_TASK INSTRUCTIONS_
Beginning with the line in which "Slash Pockets Linen Pants" appears, transcribe each line word for word until the records end. Do not include pictures.

··········

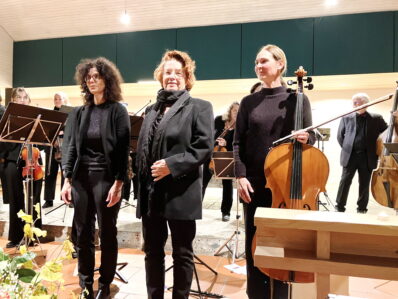 In der Sinfonia concertante in A-Dur des Bach-Sohns Johann Christian Bach (1735-1782) mit den zwei Sätzen „Andante di molto“ und „Rondeau: Allegro assai“ ersetzte der Klang der beiden Blockflöten von Dr. Cornelia Fischer-Hüttl und Sibylla Hinderling wunderbar die Oboen. Die Solovioline spielte brillant Hildegard Ruf, die sich mit dem Solocello von Monika Gaggia inhaltsvolle Dialoge lieferte und ihre virtuos-perlenden Melodien bei der Kadenz am Ende des ersten Satzes von den samten-singenden Tönen des Cellos umschmeicheln ließ. Beide Solistinnen erfreuten in dieser „Sinfonia concertante“ wie in einem Doppelkonzert für Violine und Violoncello. Die spritzigen Melodien im Rondeau erinnerten fast an ein Scherzo und ließen die Solistinnen immer wieder – besonders im mehrmals wiederholten A-Teil – klangvoll hervortreten.
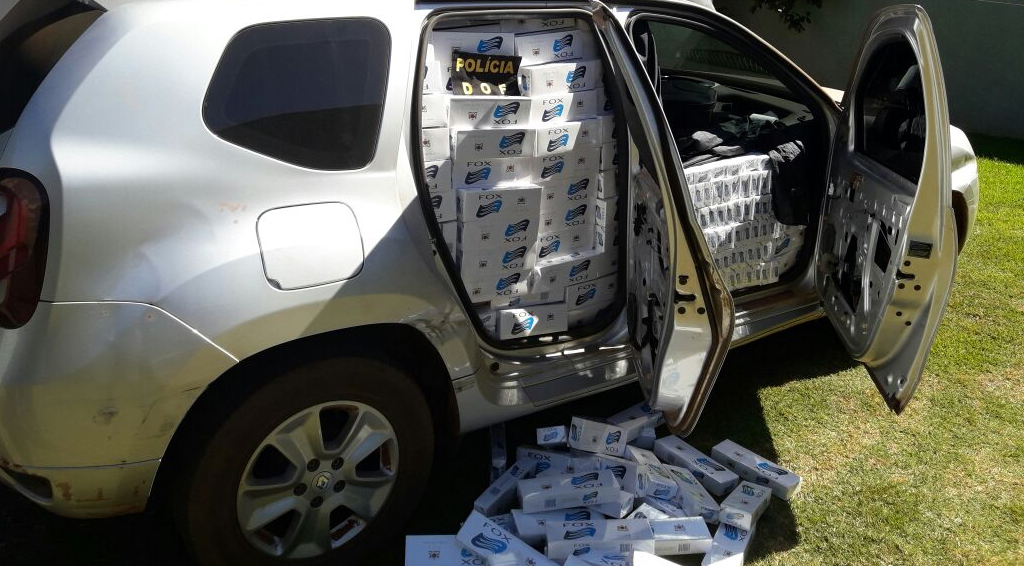 Dourados (MS) – Policiais do Departamento de Operações de Fronteira (DOF) apreenderam na manhã de quinta-feira (13), por volta das 11h, um veículo Renault Duster de cor prata e placas de Belo Horizonte, MG carregado com 40 caixas de cigarros de origem
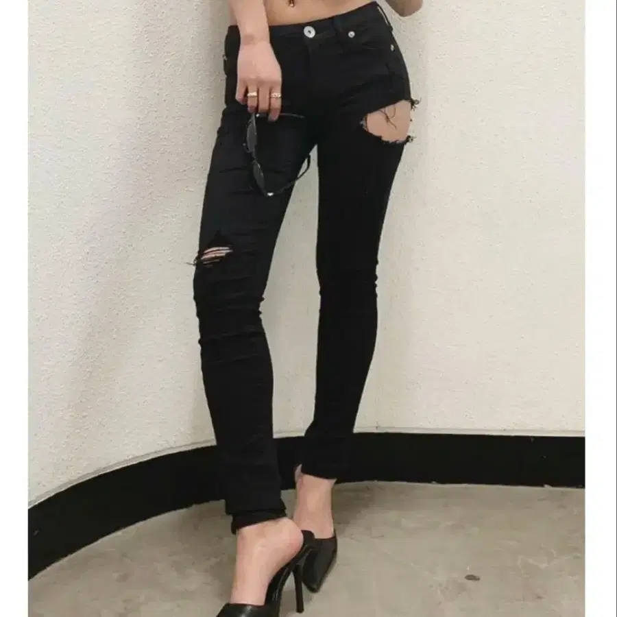 GYDA 블랙 데미지 미들 허리 스키니 데님
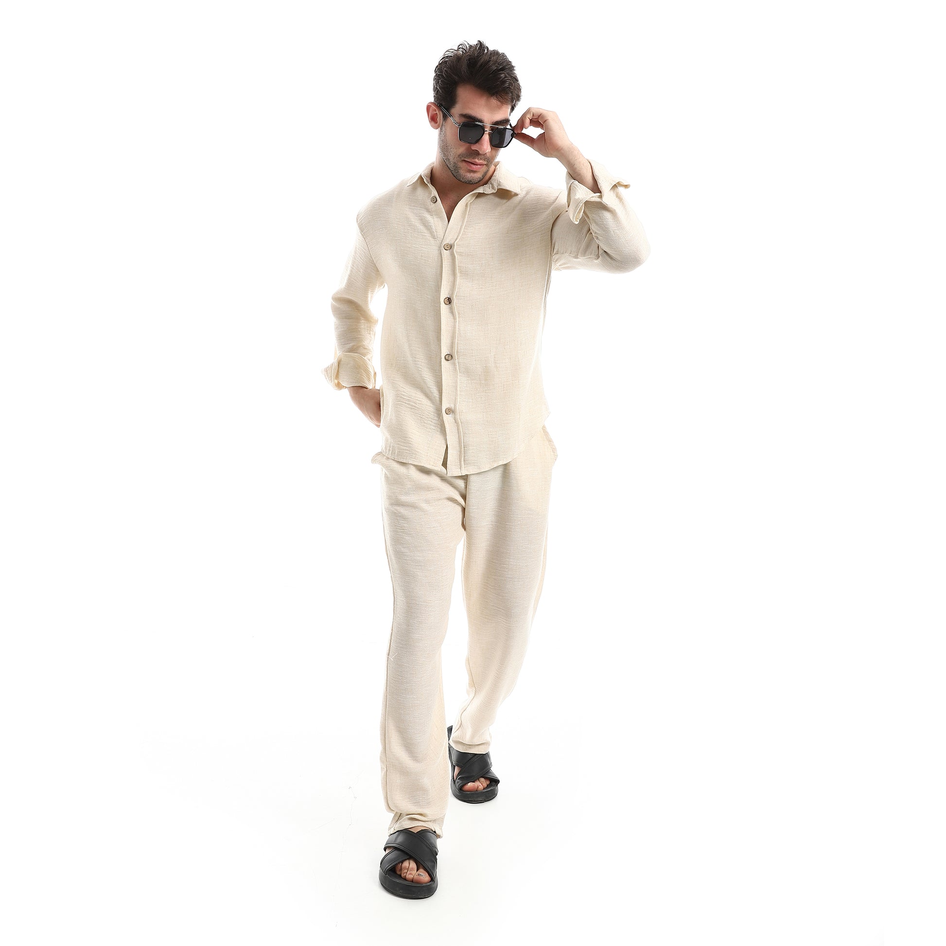 Slash Pockets Linen Pants
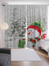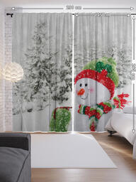 Шторы с фотопечатью "Снеговик в заснеженном лесу" из сатена, 290х265 см
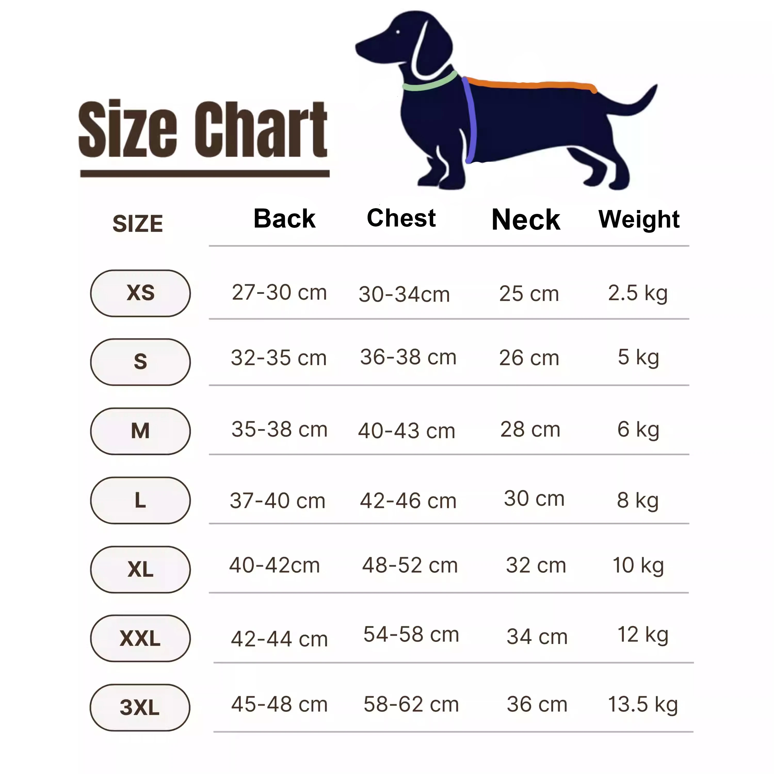 Descripción del sitio web Inqcurwtw: Pedí la talla XXXL para mi Jesse, que pesa 15 kg, y le queda un poco grande. Además, las patas son demasiado largas, por lo que se quedan atascadas debajo de sus patitas. No es realmente adecuado para un perro salchicha. Pensé que le quedaría ajustado. Decepcionado. No puedo reembolsarlo tampoco, Deering, ya que ella ya lo ha usado.

··········

_RESPONSE AREA_
 Slash Pockets Linen Pants
 Шторы с фотопечатью "Снеговик в заснеженном лесу" из сатена, 290х265 см
 Descripción del sitio web Inqcurwtw: Pedí la talla XXXL para mi Jesse, que pesa 15 kg, y le queda un poco grande. Además, las patas son demasiado largas, por lo que se quedan atascadas debajo de sus patitas. No es realmente adecuado para un perro salchicha. Pensé que le quedaría ajustado. Decepcionado. No puedo reembolsarlo tampoco, Deering, ya que ella ya lo ha usado.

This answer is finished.